BOSTON (AP) – Forty years after Kathrine Switzer had to cut off her name – and fight off security – to run in the race, women will be out in front at the Boston Marathon.

It’s visible among the elite, who for the second year will get a 30-minute jump on the field so they don’t have to weave their way through the field and finish in a crowd of male stragglers. It’s visible among the top Americans, who have a bona fide contender in Deena Kastor and a supersized contingent competing for the U.S. marathon title.

It’s there in the throngs: a record 40 percent of the registered field is female for the 111th running of the world’s oldest annual marathon. (And it’s there out in space, too, where astronaut Sunita Williams will run the 26.2 miles on a treadmill at the international space station.)

“Women have gone from being excluded to being front and center, and that’s happened in my own lifetime,” said Switzer, who became the first official female competitor in 1967 when she entered under the name K.V. Switzer. “That’s not just running. That’s a social revolution.”

Switzer ran despite being told that marathoning wasn’t a very ladylike thing to do, that she would never get a husband in her baggy and sweaty running gear. She refused to remove her lipstick and go incognito; a race official tried to pull her bib number off at Mile 4.

It wasn’t until 1972 that Boston sincerely welcomed women, and another decade before they comprised as much as 10 percent of the field. This year’s 23,901 entries include 9,534 women – the most women ever to enter the race, even when organizers doubled the size for the 100th edition in 1996.

Among them will be the top three marathoners in the world – winners of the Boston, London and New York Marathons: Kastor, the 2004 Olympic bronze medalist who broke 2 hours, 20 minutes to win in London last year; defending Boston champion Rita Jeptoo, and last year’s runner-up Jelena Prokopcuka.

Jeptoo, of Kenya, edged the Latvian by just 10 seconds in Boston in 2006 – the closest finish in the history of the women’s race. Prokopcuka came back in New York last fall to beat both Jeptoo and Kastor while winning her second consecutive title there.

And while field is strong at the top, it’s deep with Americans – twice as many as usual – who have come to compete for the national title and an extra $25,000 bonus. It’s the first time the U.S. championships will be held in Boston – a precursor to next year’s Olympic trials, which will be contested on a special, loop course the day before the regular race.
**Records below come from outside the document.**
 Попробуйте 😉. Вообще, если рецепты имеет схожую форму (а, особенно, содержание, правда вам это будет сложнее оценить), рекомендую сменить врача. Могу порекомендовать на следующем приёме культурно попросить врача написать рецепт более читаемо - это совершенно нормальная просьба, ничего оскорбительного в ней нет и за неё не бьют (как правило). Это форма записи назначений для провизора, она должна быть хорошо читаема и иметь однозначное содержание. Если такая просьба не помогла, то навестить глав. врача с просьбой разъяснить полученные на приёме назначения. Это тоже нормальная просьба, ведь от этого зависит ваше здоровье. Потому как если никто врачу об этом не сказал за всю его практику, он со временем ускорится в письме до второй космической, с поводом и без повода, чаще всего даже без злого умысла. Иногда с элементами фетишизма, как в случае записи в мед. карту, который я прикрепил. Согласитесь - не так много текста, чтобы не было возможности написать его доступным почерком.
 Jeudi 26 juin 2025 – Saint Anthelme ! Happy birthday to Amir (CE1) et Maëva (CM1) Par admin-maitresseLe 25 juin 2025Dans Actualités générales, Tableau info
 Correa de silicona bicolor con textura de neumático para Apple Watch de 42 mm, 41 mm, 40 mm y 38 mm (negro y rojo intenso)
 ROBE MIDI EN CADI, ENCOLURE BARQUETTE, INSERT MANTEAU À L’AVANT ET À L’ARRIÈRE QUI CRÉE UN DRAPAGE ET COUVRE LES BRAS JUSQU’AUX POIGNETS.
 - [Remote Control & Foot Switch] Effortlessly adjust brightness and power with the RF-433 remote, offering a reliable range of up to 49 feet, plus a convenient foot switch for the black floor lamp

“This is going to be the best practice we can have for the trials,” Melissa White, who was the fourth-fastest American in Chicago last year with a marathon debut of 2:39:21, said Saturday. “This is what it’s going to be like next year: Just women out there.”
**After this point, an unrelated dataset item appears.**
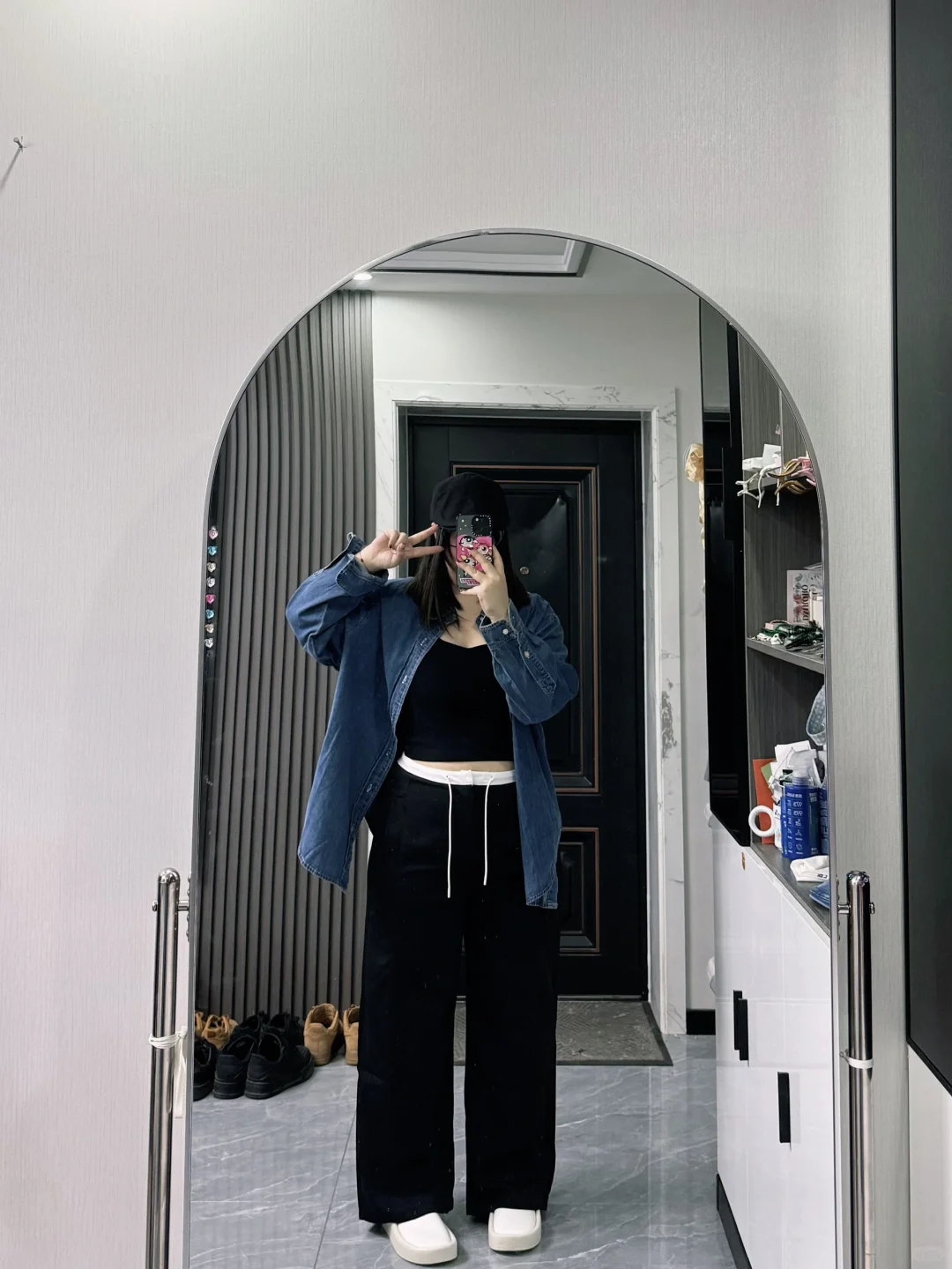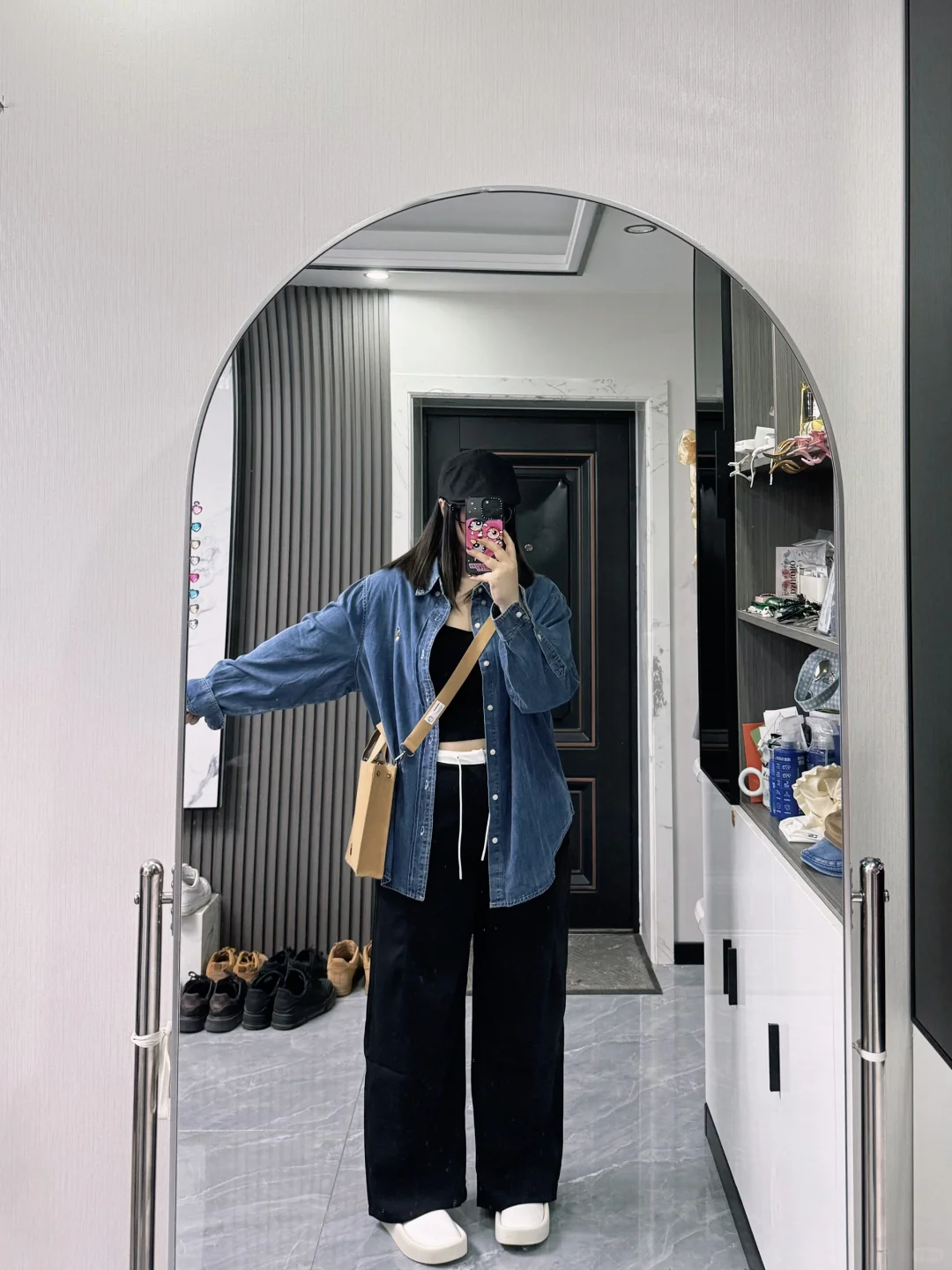牛仔衬衫 牛仔外套穿搭 穿搭 ootd每日穿搭 少年感穿搭 慵懒感穿搭 显瘦穿搭 显瘦神裤 ootd 200斤穿搭

Following the women onto the course will be a men’s field that features the winners of the last three Boston races and 2006 runner-up Benjamin Maiyo. Kenyan Robert Cheruiyot, who won last year and in 2003, also won in Chicago last year bouncing gruesomely across the pavement when he raised his hands to celebrate and slipped on the slick finish line.

No American has won in Boston since Lisa Larsen-Weidenbach in 1985, before the addition of prize money brought in the top international fields. No American man has won since Greg Meyer in 1983; 12 times since then there have been no Americans in the top 10.

Last year, the men had a breakthrough of sorts with five finishers in the top 10, including Nos. 3, 4 and 5. With Kastor among the top contenders, this could be the year for the U.S. women in Boston.

“There’s definitely a resurgence in American distance running,” Kastor said. “It’s great to be a part of it, being able to displace the Kenyans and Ethiopians on award stands, being able to know that we can run with the best in the world if we prepare for it.

“I think if we can all offer a little bit of inspiration to the next person that that will continue to grow this sport. … It’s going to take a while longer, but I think you’ll see that this sport is going to be one of the greatest in our country soon enough.”

Kastor ran the fastest marathon in the world by a woman last year, winning London in 2:19:36 to improve her own American record. She also won Chicago in 2005 and took bronze at the Athens Games – the first U.S. Olympic medal in the event since Joan Benoit won the inaugural women’s run in 1984.

But the native of Waltham, just north of the off the Boston route, hadn’t ever run in the world’s oldest annual marathon, choosing instead to chase goals like fast times or Olympic titles that led her to avoid her hilly, hometown course.

“Your passions unfold as the years tick on,” she said. “Breaking 2:20, or winning the Boston Marathon was more of a dream going back. But as I matured as an athlete, they became more realistic. Winning Boston is what I’m really focused on this year. It just seems like a screaming goal to me, not only run Boston, but to win it.”